4.5 MÍNIMO VITAL: DIGNIDADE MATERIAL E DIGNIDADE ESPIRITUAL

Este tópico se propõe a registrar algumas idéias intuitivas acerca das necessidades básicas do ser humano, materiais e espirituais, para seu pleno e livre desenvolvimento pessoal, em harmonia com o valor da dignidade, defendido aqui como fundamental. Tais observações podem ser consideradas como uma espécie de introdução às considerações finais desta pesquisa e poderiam ser de grande utilidade para uma futura pesquisa acerca de uma lista de liberdades básicas fundamentais, dentro da idéia rawlsiana de justiça política, adaptada ao auditório universal do Estado socioambiental e democrático de direito contemporâneo.

Entende-se que, sem as condições materiais mínimas necessárias para uma vida digna, tais como moradia e alimentação adequada, um ser humano não possui a possibilidade de desenvolver sua liberdade plenamente. Em uma sociedade que se tornou extremamente desigual, um contingente cada vez maior de pessoas não possui supridas tais necessidades, que são o ponto de partida da noção de dignidade que ora se apresenta.

Uma moradia digna pode ser compreendida como um espaço físico inviolável, em condições adequadas de saneamento básico, com a garantia de um espaço que possibilite a privacidade e o desenvolvimento da individualidade de cada ser humano. Como alimentação adequada, pode-se compreender o aceso a alimentos saudáveis, livres de agrotóxicos e de substâncias nocivas, em uma quantidade suficiente para a boa formação e o pleno desenvolvimento do organismo.

Uma vez supridas as mínimas necessidades materiais acima expostas – que não são apenas de sobrevivência, mas de uma vivência digna – necessita o ser humano de condições de desenvolvimento espiritual. Tal desenvolvimento deve ser livre, mas – defende-se aqui – há também um mínimo vital que deve ser resguardado por um Estado democrático de direito efetivamente comprometido em concretizar o valor que o dá fundamento, o que se dá, basicamente, através do acesso igualitário da totalidade da população a uma educação de qualidade, que estimule a transdisciplinaridade (mostrando, desde cedo, que o conhecimento humano é constituído de complexidade e de incertezas157), que não se resuma a uma mera preparação para a selvagem competição darwinista no mercado de trabalho.

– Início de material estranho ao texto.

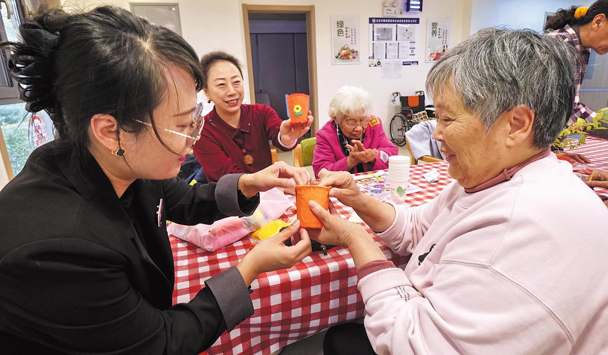 Employees from the elderly care service center teach the elderly how to make handicrafts in October. (Li Xin/Xinhua)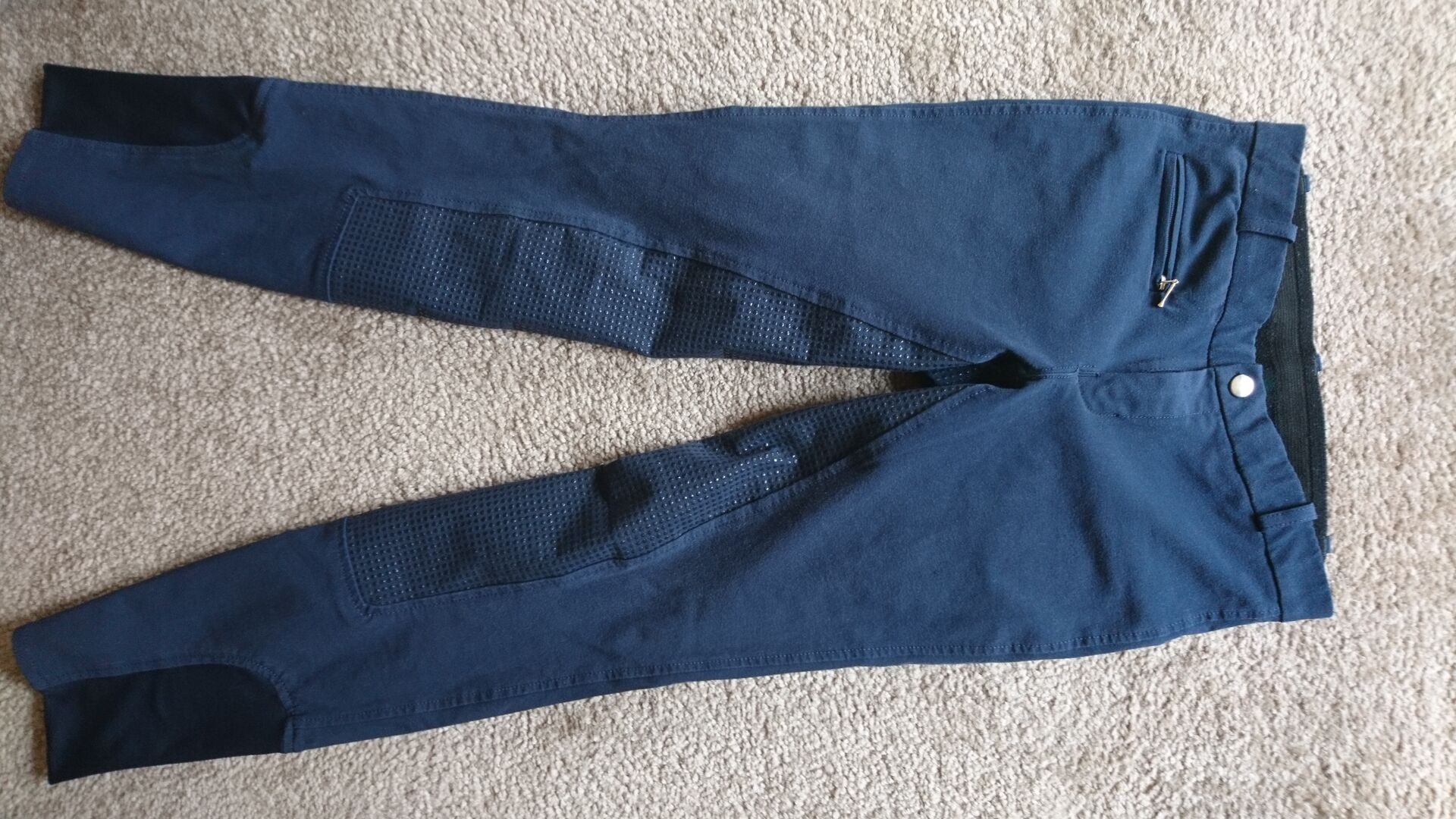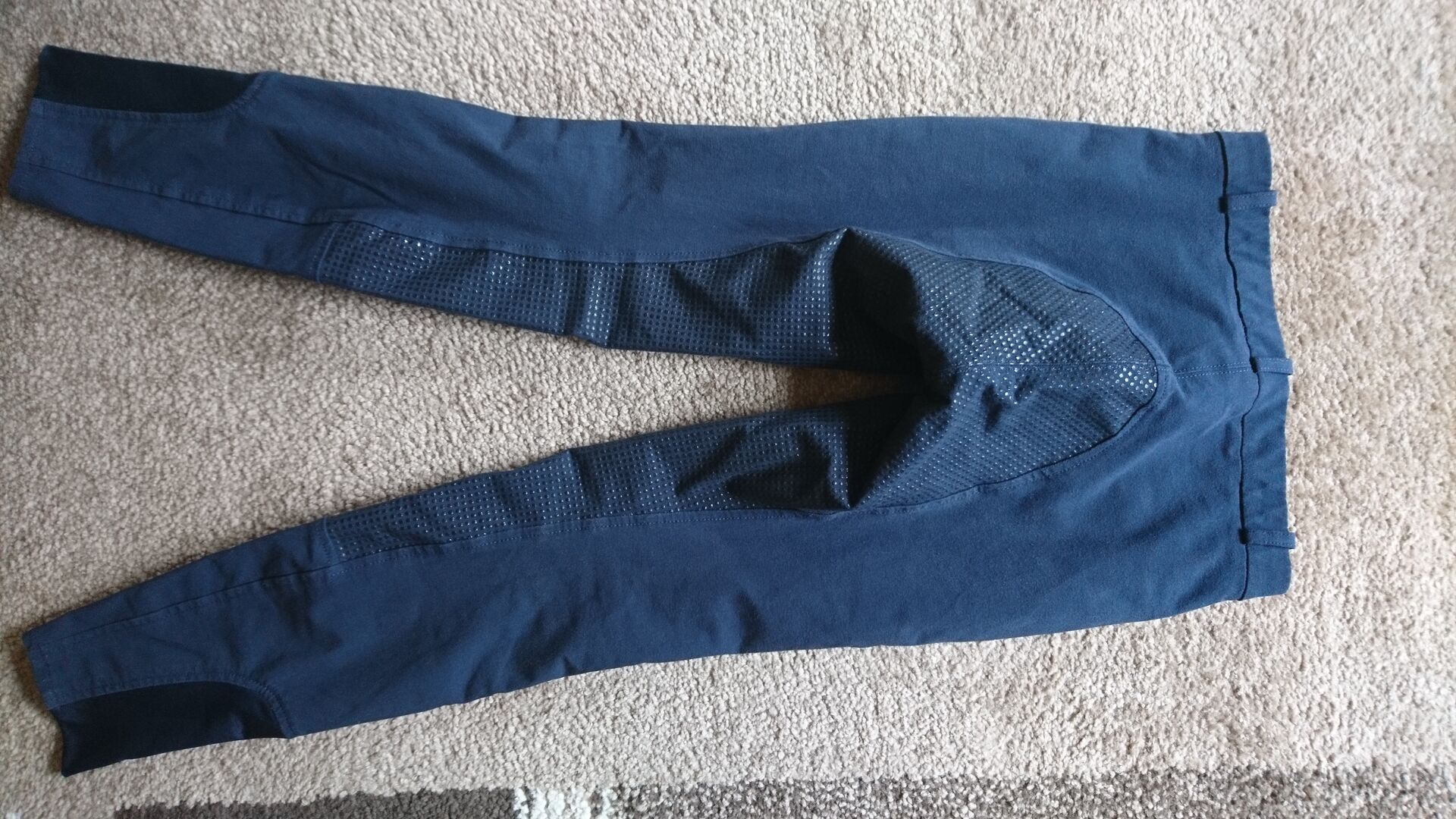 Bryczesy dziecięce, pełne siedzenie, 158 - Niestety, z ciężkim sercem i ze względów zdrowotnych musimy zrezygnować z naszego hobby. W związku z tym oferujemy parę mało używanych, granatowych bryczesów dziecięcych w rozmiarze 158. Są one produkowane przez firmę Equiva. Z przodu mają małą kieszonkę. Całe siedzisko jest nieuszkodzone. Są one bardzo wygodne i przyjemne w noszeniu. Nie ma dziur, plam ani innych uszkodzeń.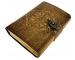 • The Leather Sun on cover has been done by hand making it unique. The sturdy stitching along the spine holds the papers in place.

Numa sociedade ideal, os meios de produção devem ser de propriedade social. No entanto, parece razoável que, na medida em que as presentes proposições se pretendem possíveis em uma sociedade real, deve-se, através do processo educacional, buscar a superação do conceito capitalista de trabalho e a sua substituição por uma idéia de cooperação mútua e trabalho solidário. Deve ser assegurado também o livre acesso à informação.

É também importante que os indivíduos possuam condições de interação com o meio ambiente e que possam livremente participar das decisões importantes acerca dos rumos a serem tomados pela sociedade em que vivem, através de uma democracia direta ou participativa, que preserve sempre os direitos das minorias e a diversidade cultural e étnica, em condições de igualdade material. A arte deve ser estimulada desde cedo e as diferentes formas de manifestação cultural devem ser preservadas e incentivadas.

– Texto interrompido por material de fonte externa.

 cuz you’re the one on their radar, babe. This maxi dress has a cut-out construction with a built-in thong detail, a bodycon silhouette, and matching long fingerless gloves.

157 Ver, entre outros, PRIGOGINE, Ilya. O fim das certezas. São Paulo: Unesp, 1996; MORIN, Edgar. Os sete saberes necessários à educação do futuro. São Paulo: Cortez, 2006.

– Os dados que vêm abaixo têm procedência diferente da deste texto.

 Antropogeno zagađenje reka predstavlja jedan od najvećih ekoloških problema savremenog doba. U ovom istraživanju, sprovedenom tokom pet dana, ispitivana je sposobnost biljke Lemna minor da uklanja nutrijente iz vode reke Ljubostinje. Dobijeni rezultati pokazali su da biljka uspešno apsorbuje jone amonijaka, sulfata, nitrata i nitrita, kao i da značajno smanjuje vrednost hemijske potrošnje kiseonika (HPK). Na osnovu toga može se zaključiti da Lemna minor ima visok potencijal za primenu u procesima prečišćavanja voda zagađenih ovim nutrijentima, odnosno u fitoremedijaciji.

A liberdade de consciência política, moral, religiosa ou filosófica, deve ser assegurada, desde que o exercício de tal liberdade não acarrete em nenhuma violação à liberdade de outrem nem cause danos desnecessários ao meio ambiente ou banalize o sofrimento dos animais sensitivos não humanos. O exercício de uma liberdade deve estar sempre em consonância com o valor fundamental do sistema e não pode, de maneira alguma, acarretar em uma violação aos direitos assegurados pela idéia de dignidade, tida como uma ponderação dialética argumentativamente ponderada entre as dimensões de direitos fundamentais.

A igualdade de oportunidades deve ser buscada (mesmo em se tratando de uma sociedade capitalista real), fazendo-se, para tanto, necessário que os serviços básicos de educação, saúde e transporte sejam oferecidos pelo Estado exclusivamente e que todos os indivíduos possuam igual acesso aos mesmos. O princípio da função social da propriedade158 deve ser amplamente aplicado e interpretado sempre à luz do valor fundamental da dignidade, no intuito de se distribuir terras e riquezas, diminuindo-se as desigualdades existentes.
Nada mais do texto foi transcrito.